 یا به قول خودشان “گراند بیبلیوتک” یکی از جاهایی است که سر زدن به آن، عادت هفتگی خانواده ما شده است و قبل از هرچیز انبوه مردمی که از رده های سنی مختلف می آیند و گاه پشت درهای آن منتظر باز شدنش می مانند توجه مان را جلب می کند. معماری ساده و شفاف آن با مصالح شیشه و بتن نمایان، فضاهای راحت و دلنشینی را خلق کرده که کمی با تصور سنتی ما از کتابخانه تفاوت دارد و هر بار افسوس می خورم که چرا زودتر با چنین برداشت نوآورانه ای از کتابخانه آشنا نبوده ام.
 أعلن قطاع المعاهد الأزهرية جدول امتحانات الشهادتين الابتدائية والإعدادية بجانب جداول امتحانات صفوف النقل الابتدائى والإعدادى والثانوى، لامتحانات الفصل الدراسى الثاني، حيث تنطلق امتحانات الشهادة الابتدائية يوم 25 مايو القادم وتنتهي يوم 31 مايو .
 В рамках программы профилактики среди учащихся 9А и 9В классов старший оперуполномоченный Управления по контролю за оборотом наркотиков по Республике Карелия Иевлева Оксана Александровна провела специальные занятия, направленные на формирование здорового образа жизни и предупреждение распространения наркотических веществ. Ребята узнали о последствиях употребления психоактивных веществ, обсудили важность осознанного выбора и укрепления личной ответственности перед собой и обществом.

◇ ◇ ◇ ◇ ◇ ◇ ◇

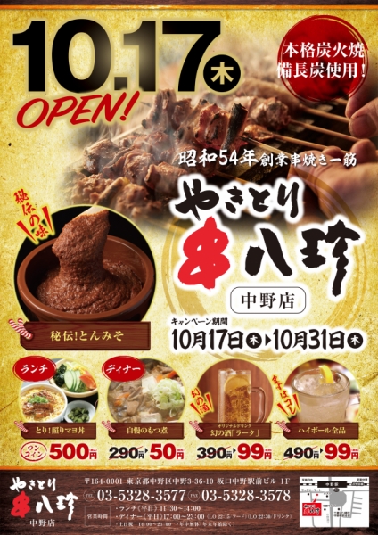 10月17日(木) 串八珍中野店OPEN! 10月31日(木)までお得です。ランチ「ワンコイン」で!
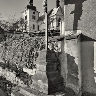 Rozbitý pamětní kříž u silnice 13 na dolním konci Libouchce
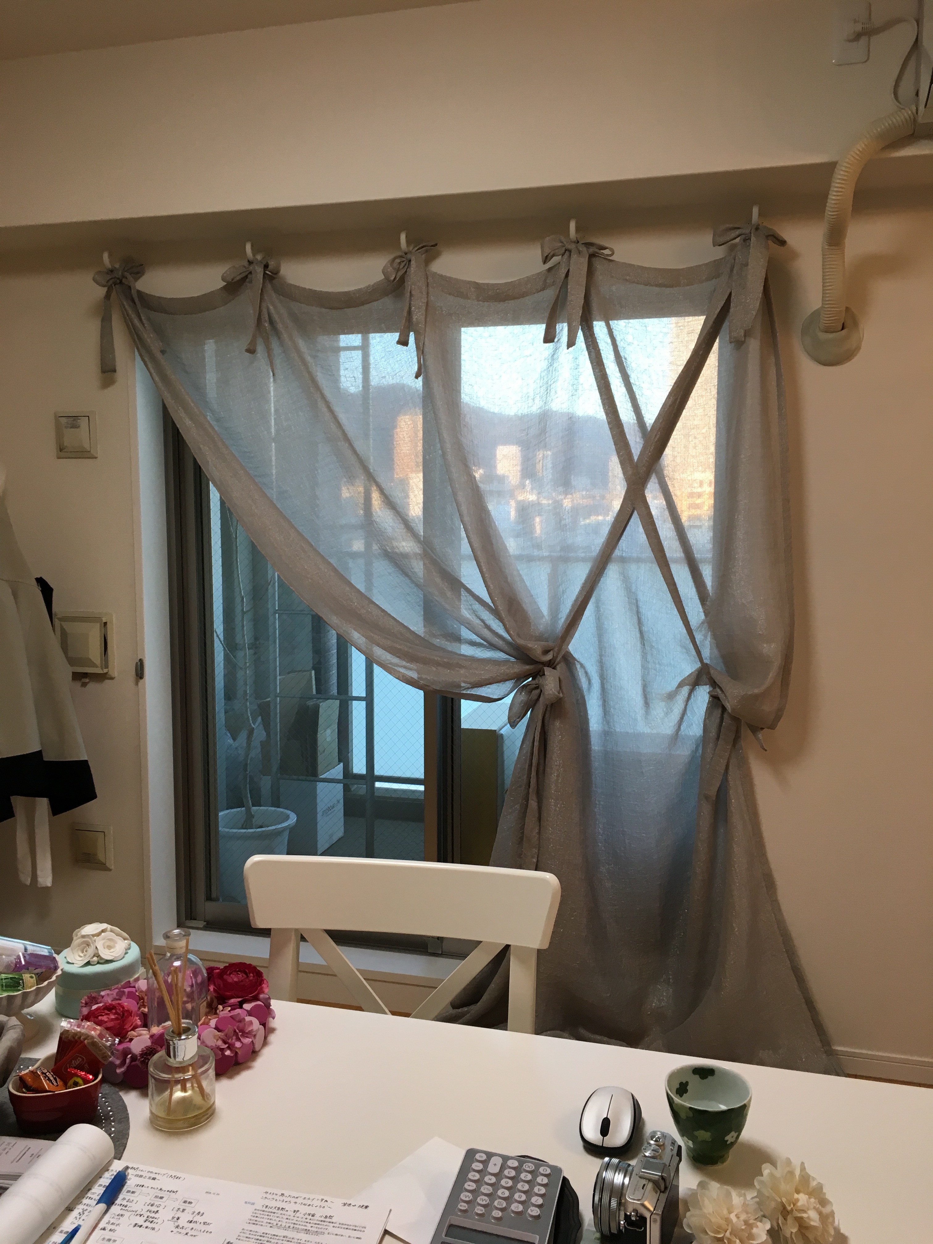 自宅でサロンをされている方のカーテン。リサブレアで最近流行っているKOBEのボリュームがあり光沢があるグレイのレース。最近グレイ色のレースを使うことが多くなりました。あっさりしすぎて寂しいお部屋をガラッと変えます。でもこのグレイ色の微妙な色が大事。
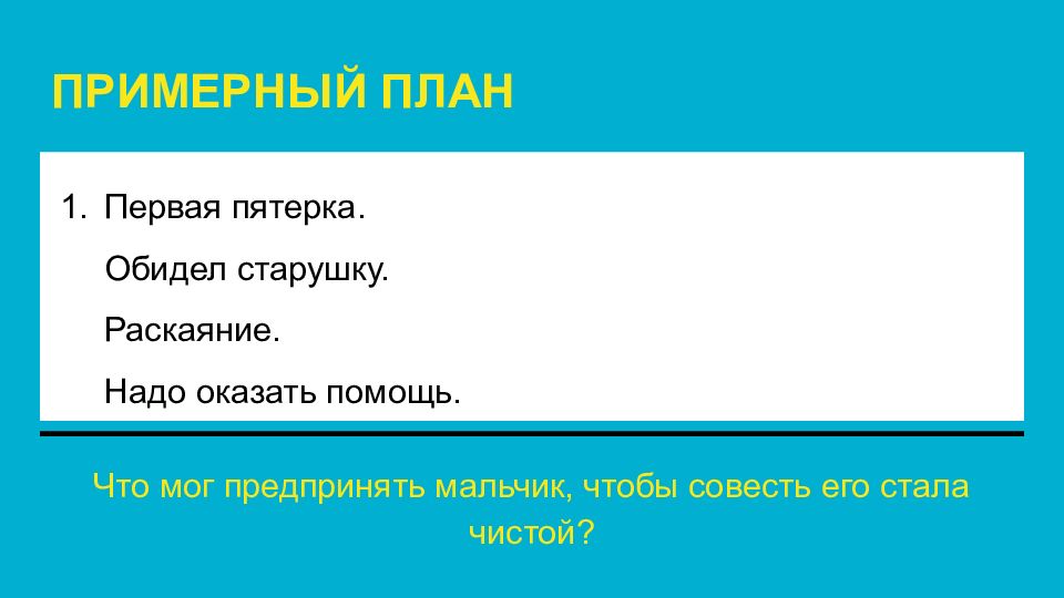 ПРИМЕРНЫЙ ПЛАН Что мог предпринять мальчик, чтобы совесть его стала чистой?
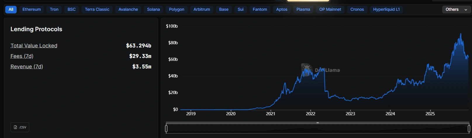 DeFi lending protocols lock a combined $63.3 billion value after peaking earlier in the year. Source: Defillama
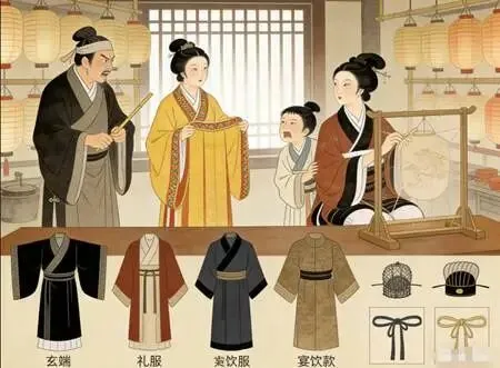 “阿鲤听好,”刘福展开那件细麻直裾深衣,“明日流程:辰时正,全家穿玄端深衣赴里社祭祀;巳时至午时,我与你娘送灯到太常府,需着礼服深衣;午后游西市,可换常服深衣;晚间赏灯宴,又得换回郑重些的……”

◇ ◇ ◇ ◇ ◇ ◇ ◇

*Work task*:
Output, from the data above, the lines from the line with "یا به قول خودشان" to the line with "أعلن قطاع المعاهد" exactly as they stand, both ends included and nothing else.

*Answer section*:
 یا به قول خودشان “گراند بیبلیوتک” یکی از جاهایی است که سر زدن به آن، عادت هفتگی خانواده ما شده است و قبل از هرچیز انبوه مردمی که از رده های سنی مختلف می آیند و گاه پشت درهای آن منتظر باز شدنش می مانند توجه مان را جلب می کند. معماری ساده و شفاف آن با مصالح شیشه و بتن نمایان، فضاهای راحت و دلنشینی را خلق کرده که کمی با تصور سنتی ما از کتابخانه تفاوت دارد و هر بار افسوس می خورم که چرا زودتر با چنین برداشت نوآورانه ای از کتابخانه آشنا نبوده ام.
 أعلن قطاع المعاهد الأزهرية جدول امتحانات الشهادتين الابتدائية والإعدادية بجانب جداول امتحانات صفوف النقل الابتدائى والإعدادى والثانوى، لامتحانات الفصل الدراسى الثاني، حيث تنطلق امتحانات الشهادة الابتدائية يوم 25 مايو القادم وتنتهي يوم 31 مايو .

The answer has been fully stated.